Visual servoing path-planning for generalized cameras and objects

Abstract

Visual servoing (VS) is an automatic control technique which uses vision feedback to control the robot motion. Eye-in-hand VS systems, with the vision sensor mounted directly on the robot end-effector have received significant attention, in particular for the task of steering the vision sensor (usually a camera) from the present position to the desired one identified by image features shown in advance. The servo uses the difference between the present and the desired views (shown a priori) of some objects to develop real-time driving signals. This approach is also known as “teach-by-showing” method. To accomplish such a task, many constraints and limits are required such as camera field of view (FOV), robot joint limits, collision and occlusion avoidance, and etc. Path-planning technologies, as one branch of high-level control strategies, are explored in this thesis to impose these constraints for VS tasks with respect to different types of cameras and objects.

First, a VS path-planning strategy is proposed for a class of cameras that include conventional perspective cameras, fisheye cameras, and catadioptric systems. These cameras are described by adopting a unified mathematical model and the strategy consists of designing image trajectories that allow the camera to reach the desired position while satisfying the camera FOV limit and the end-effector collision avoidance. To this end, the proposed strategy introduces the projection of the available image features onto a virtual plane and the computation of a feasible camera trajectory through polynomial programming. The computed image trajectory is hence tracked by an image-based visual servoing (IBVS) controller. Experimental results with a fisheye camera mounted on a 6-degree-of-freedom (6-DoF) robot arm illustrate the proposed strategy.
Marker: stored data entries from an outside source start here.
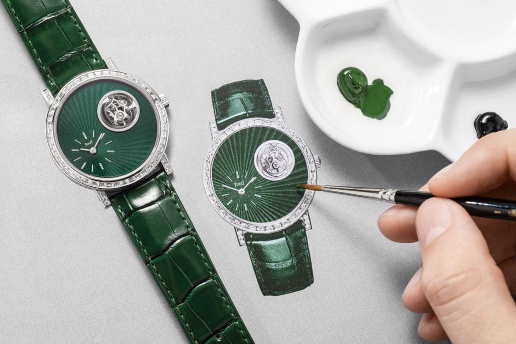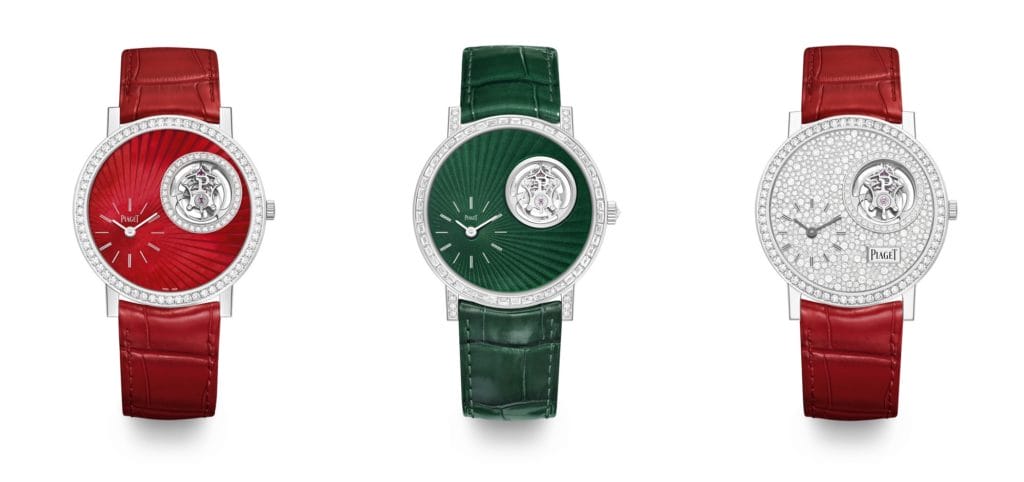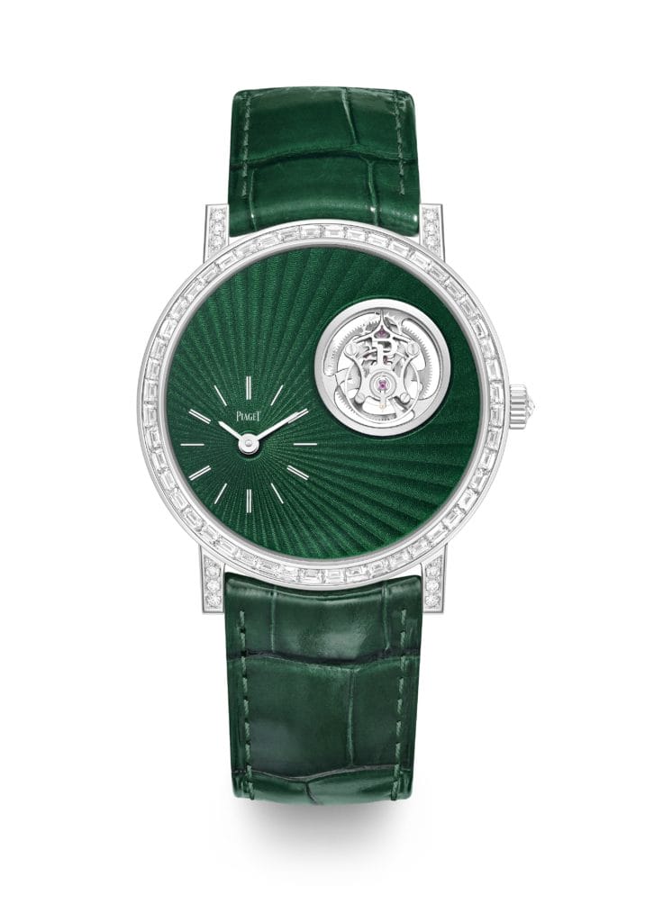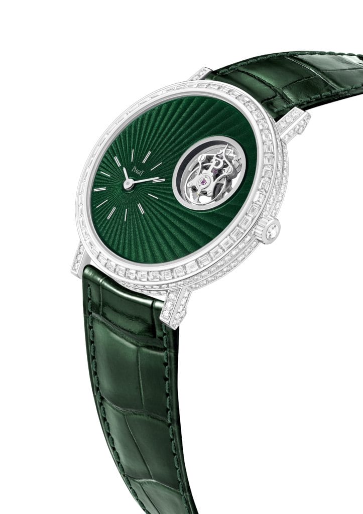Le modèle 41 millimètres propose quelques boîtes supplémentaires avec options en or blanc ou rose, qui peuvent être serties de diamants taille brillant ou taille baguette. Piaget offre également la possibilité de décorer l’Altiplano Tourbillon avec des pierres précieuses taille baguette. Émeraudes, saphirs ou rubis ajoutent une touche de couleur et leur éclat scintillant. Le cadran peut, quant à lui, s’orner d’un décor en émail grand feu guilloché à la main, d’un serti neige ou d’une laque avec guillochage soleil pouvant prendre n’importe quelle couleur.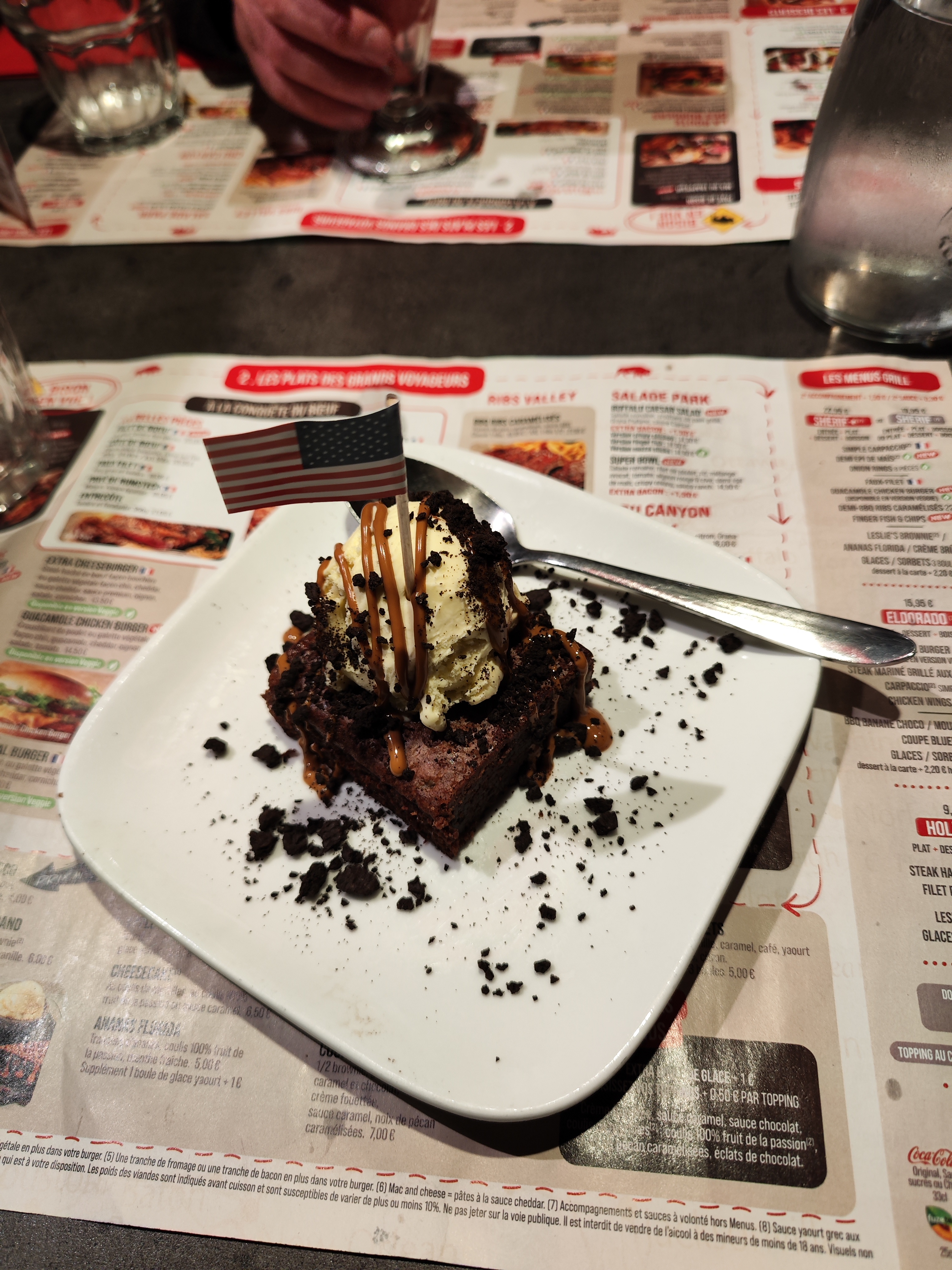 Dessert non conforme à la description, menthe fraîche réclamée. La serveuse dit que c est une simple décoration...elle me rapporte une feuille de menthe flétrie entre son pouce et index qu elle me dépose ds l assiette. Bonjour l'hygiène !!!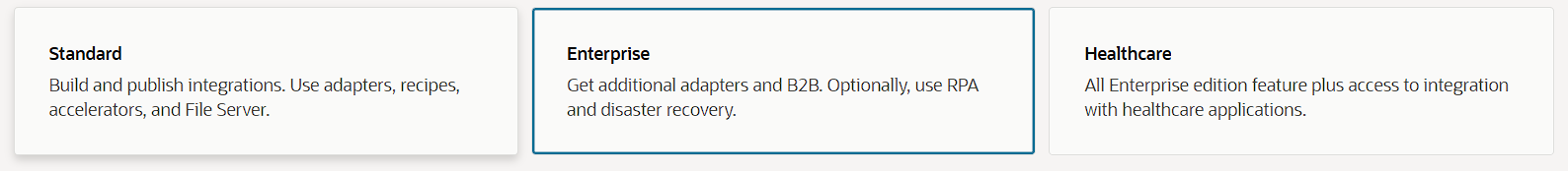 When you provision an Oracle Integration Cloud (OIC) instance on Oracle Cloud Infrastructure (OCI), you have the option to choose the Edition (standard, enterprise, healthcare):
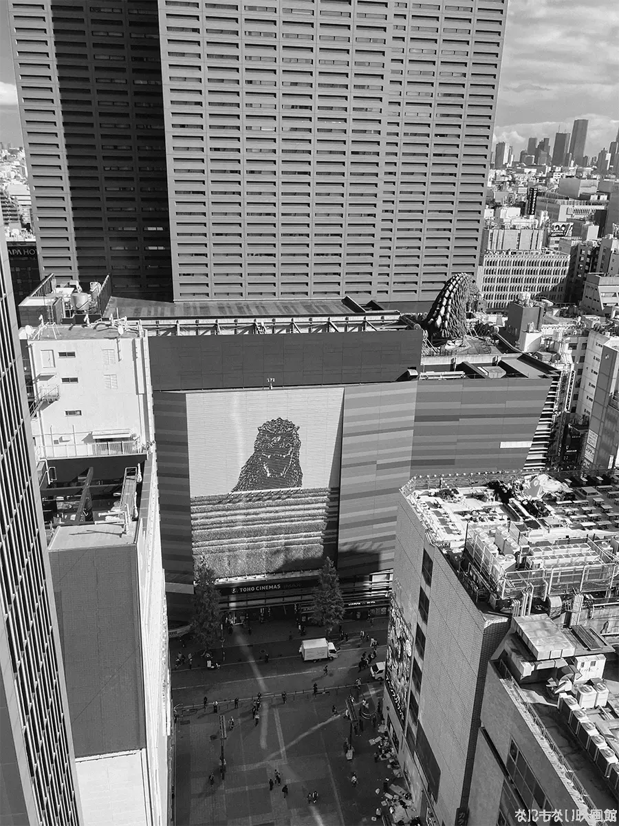 高い映画館なので窓の景色から東宝のゴジラを見下せるように東急が設計しています。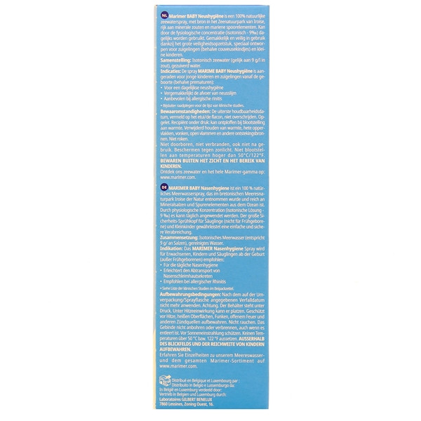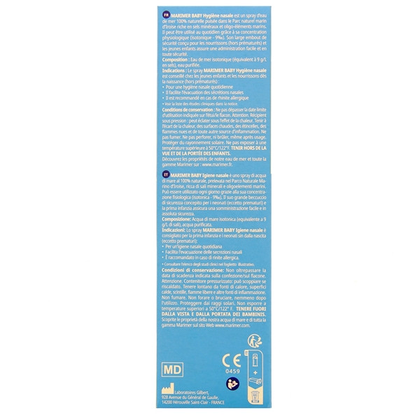 Marimer Baby Hygiène nasale quotidienne est un spray d'eau de mer 100 % naturelle pour nettoyer et évacuer efficacement et en douceur les sécrétions nasales des nourrissons et des jeunes enfants. De plus, il aide à prévenir les infections ORL.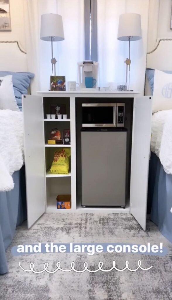 A rolling cart is one of my favorite Dorm Kitchen Ideas. It provides additional counter space and storage without permanent installation. I like using mine to store snacks, utensils, and even a small coffee station. The mobility is what makes it amazing—you can move it out of the way when you need the floor space or bring it closer when prepping meals.

Second, this thesis proposes a path-planning strategy for visual servoing with image moments, in the case of which the observed features are not restrained to points. Image moments of some solid objects such as circle, sphere, and etc. are more intuitive features than the dominant feature points in VS applications. The problem consists of planning a trajectory in order to ensure the convergence of the robot end-effector to the desired position while satisfying workspace (Cartesian space) constraints of the robot end-effector and visibility constraints of these solid objects, in particular including collision and occlusion avoidance. A solution based on polynomial parametrization is proposed and validated by some simulation and experiment results.

Third, constrained optimization is combined with robot teach-by-demonstration to address simultaneously visibility constraint, joint limits and whole-arm collisions for robust vision-based control of a robot manipulator. User demonstration data generates safe regions for robot motion with respect to joint limits and potential whole-arm collisions. Constrained optimization uses these safe regions to generate new feasible trajectories under visibility constraint that achieve the desired view of the target (e.g., a pre-grasping location) in new, undemonstrated locations. To fulfill these requirements, camera trajectories that traverse a set of selected control points are modeled and optimized using either quintic Hermite splines or polynomials with C2 continuity. Experiments with a 7-DoF articulated arm validate the proposed method.